— Your objective —
What are the lines from the top of the entries through the one with "水彩畫(huà)欣賞:冰雪之城的魅力與風(fēng)情"? Write them out exactly, with no pictures.

— Record set —
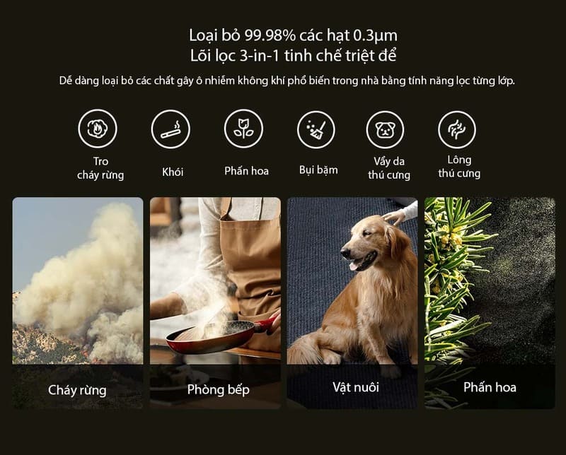 Với lõi lọc 3 in 1 tinh chế triệt để giúp đánh bay hoàn toàn các loại hạt có kích thước 0.3μm dễ dàng như khói thuốc lá, phấn hoa, lông thú cưng, vảy da thú cưng,…
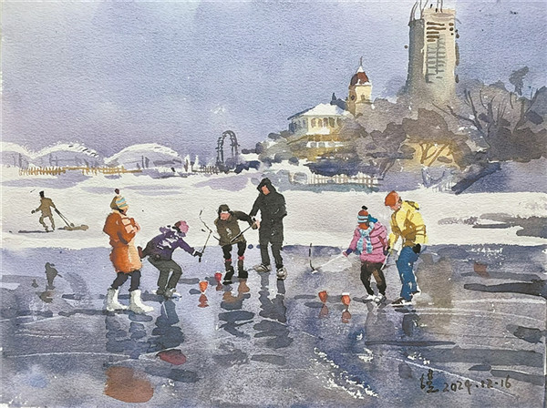 水彩畫(huà)欣賞:冰雪之城的魅力與風(fēng)情
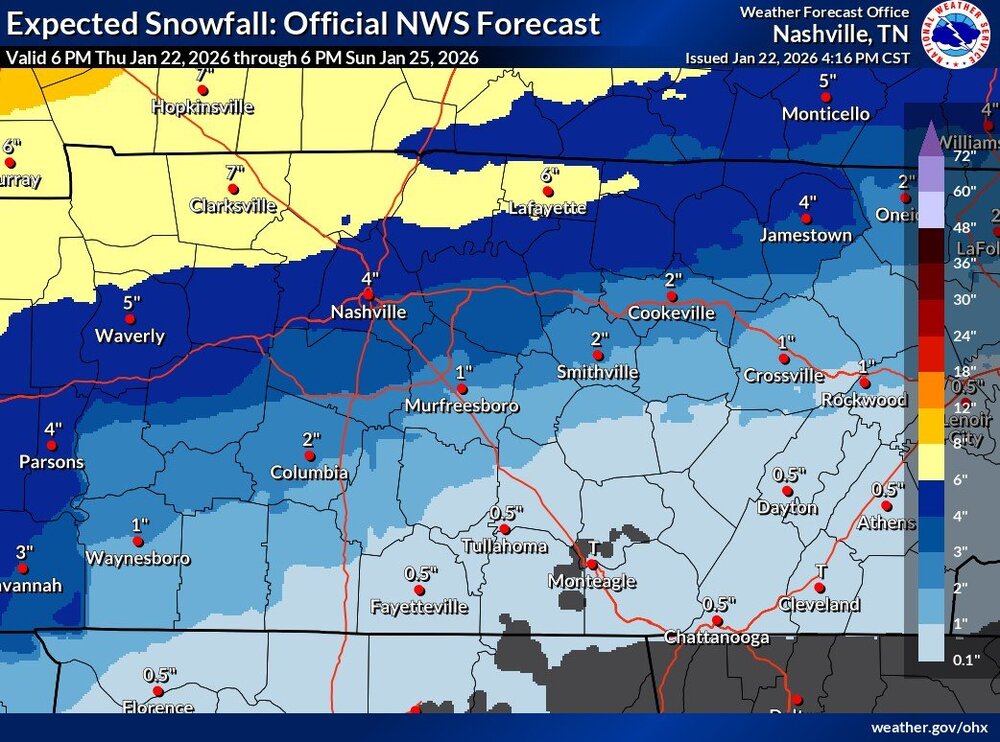 I think it’s because an Ice Storm Warning is issued when freezing rain is the predominant type of forecasted precipitation. In this case, Nashville still falls within the Winter Storm Warning criteria, which is any of the following: Heavy Snow: Accumulations of 3 inches or more in 12 hours, or 4 inches or more in 24 hours. Sleet: Accumulations of 1/2 inch or greater are expected. Freezing Rain (Ice): Accumulations of 1/4 inch or greater (this may also trigger a specific Ice Storm Warning). Combination of Hazards: At least 2 inches of snow combined with any accumulation of sleet and/or ice (freezing rain).
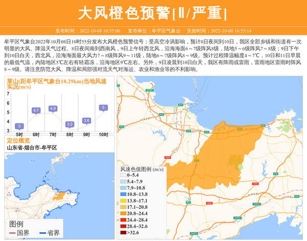 牟平区气象台2022年10月08日10时55分发布大风橙色预警信号:受高空冷涡影响,预计8日夜间到10日,我区全部乡镇和街道有一次明显的大风、降温天气过程。8日夜间南到西南风,9日上午转西北风,沿海海面6~7级阵风8级,陆地5~6级阵风7~8级;9日下午到10日白天,西北风,沿海海面最大风力7~8级阵风9~11级,陆地6~7级阵风8~9级。预计过程降温幅度4~7℃,10日和11日早晨的最低气温,内陆地区5℃左右有轻霜冻,沿海地区9℃左右。另外,9日凌晨到10日白天,我区有阵雨或雷雨,雷雨地区雷雨时阵风8~9级。请注意防范大风、降温和局部强对流天气对海运、农业和渔业等的不利影响。 信息来源:国家预警信息发布中心; 发布单位:牟平区气象台。
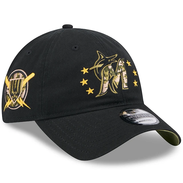 Casquette réglable noire Miami Marlins 2024 Armed Forces Day 9TWENTY New Era pour homme

— Result of this task —
 Với lõi lọc 3 in 1 tinh chế triệt để giúp đánh bay hoàn toàn các loại hạt có kích thước 0.3μm dễ dàng như khói thuốc lá, phấn hoa, lông thú cưng, vảy da thú cưng,…
 水彩畫(huà)欣賞:冰雪之城的魅力與風(fēng)情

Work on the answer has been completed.